◆ **Working data**:

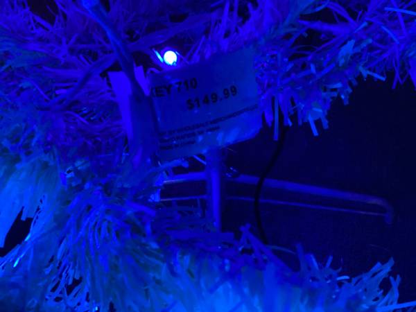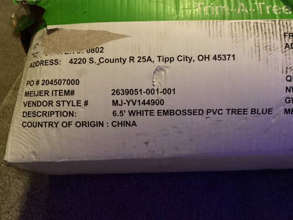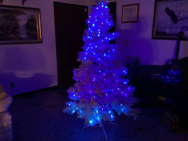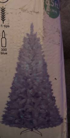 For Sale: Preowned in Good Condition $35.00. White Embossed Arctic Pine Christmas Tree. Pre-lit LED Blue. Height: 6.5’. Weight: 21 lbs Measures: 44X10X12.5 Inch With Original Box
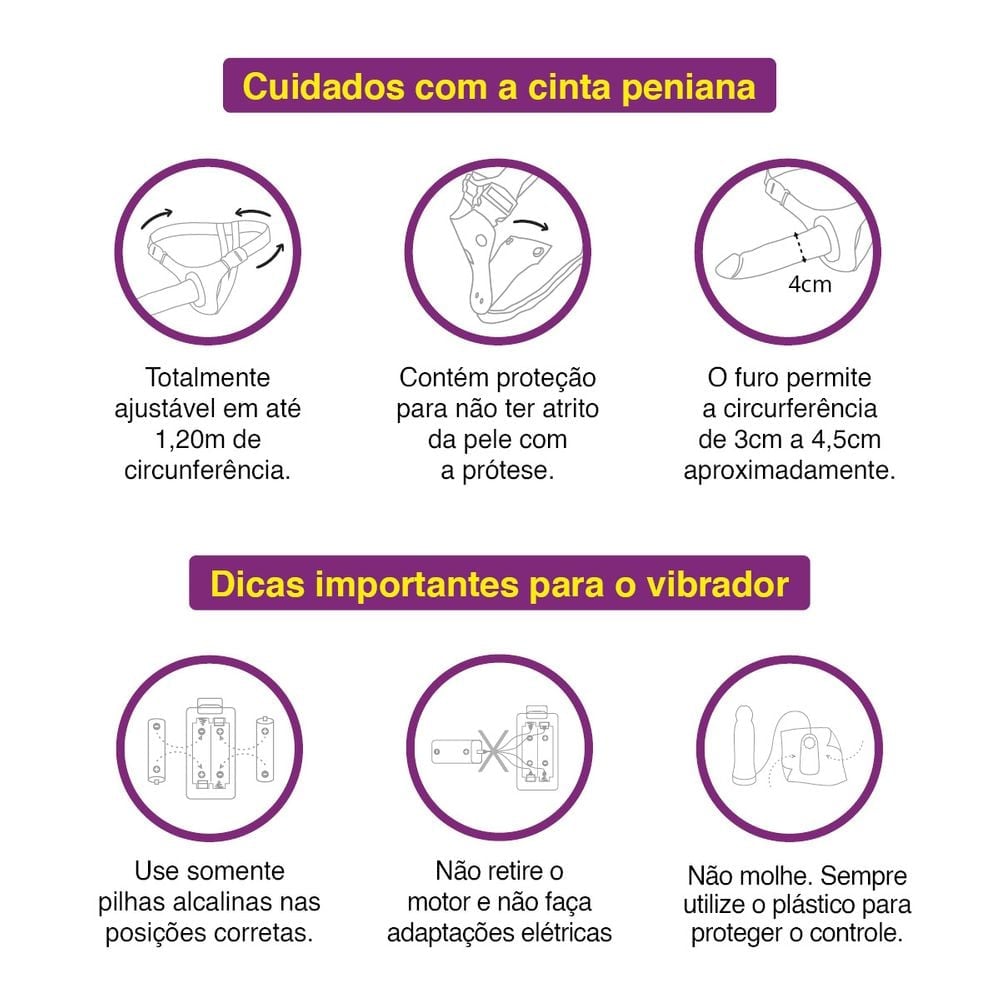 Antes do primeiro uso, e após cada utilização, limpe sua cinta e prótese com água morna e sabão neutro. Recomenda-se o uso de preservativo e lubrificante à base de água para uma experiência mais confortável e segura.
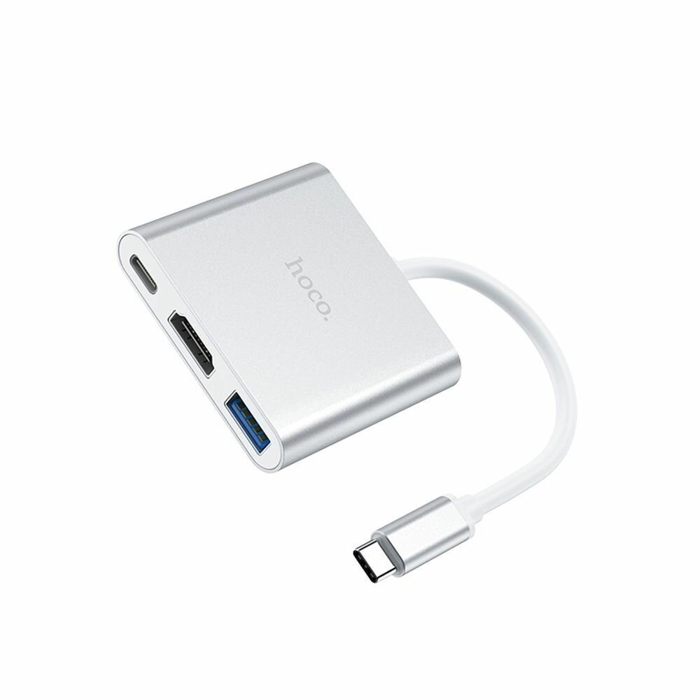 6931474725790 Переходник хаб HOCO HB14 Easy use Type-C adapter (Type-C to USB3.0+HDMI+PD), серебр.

---

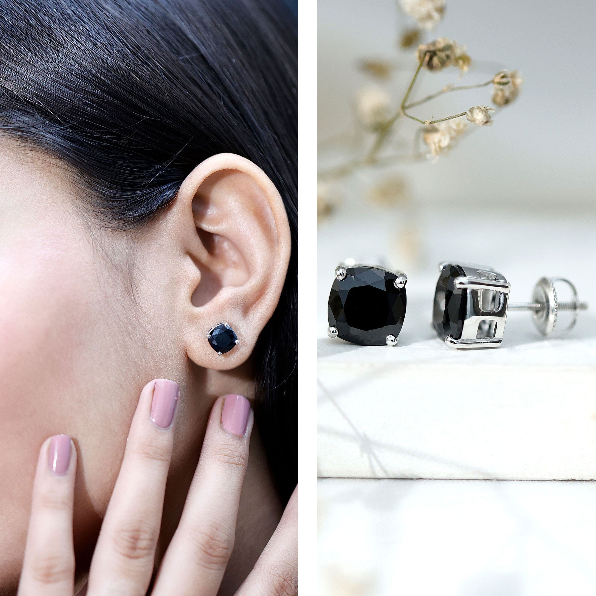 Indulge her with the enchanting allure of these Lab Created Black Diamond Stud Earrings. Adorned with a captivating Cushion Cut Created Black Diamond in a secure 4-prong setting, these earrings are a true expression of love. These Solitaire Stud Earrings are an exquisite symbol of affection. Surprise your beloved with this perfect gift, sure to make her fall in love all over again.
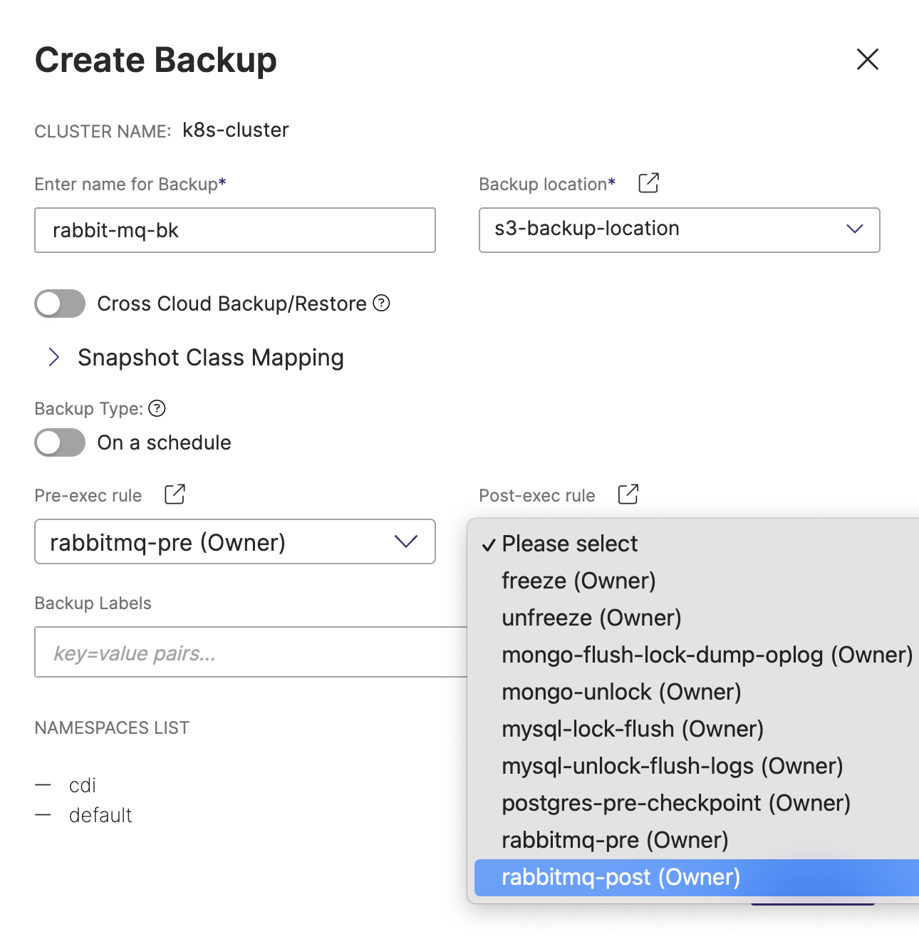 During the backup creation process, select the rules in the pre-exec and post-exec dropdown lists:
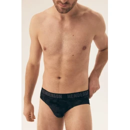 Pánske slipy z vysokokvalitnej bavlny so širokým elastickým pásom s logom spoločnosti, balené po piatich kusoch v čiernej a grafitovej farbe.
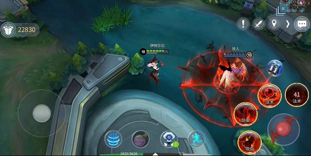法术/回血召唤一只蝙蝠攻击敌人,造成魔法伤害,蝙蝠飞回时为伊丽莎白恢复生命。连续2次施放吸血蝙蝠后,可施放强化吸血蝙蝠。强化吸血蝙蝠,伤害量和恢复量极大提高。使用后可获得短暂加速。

◆ **Work to be completed**:
Your answer must be the lines above from the one holding "During the backup" up to and including the one holding "法术/回血召唤一只蝙蝠攻击敌", exact and with no pictures.

◆ **Response to the task**:
 During the backup creation process, select the rules in the pre-exec and post-exec dropdown lists:
 Pánske slipy z vysokokvalitnej bavlny so širokým elastickým pásom s logom spoločnosti, balené po piatich kusoch v čiernej a grafitovej farbe.
法术/回血召唤一只蝙蝠攻击敌人,造成魔法伤害,蝙蝠飞回时为伊丽莎白恢复生命。连续2次施放吸血蝙蝠后,可施放强化吸血蝙蝠。强化吸血蝙蝠,伤害量和恢复量极大提高。使用后可获得短暂加速。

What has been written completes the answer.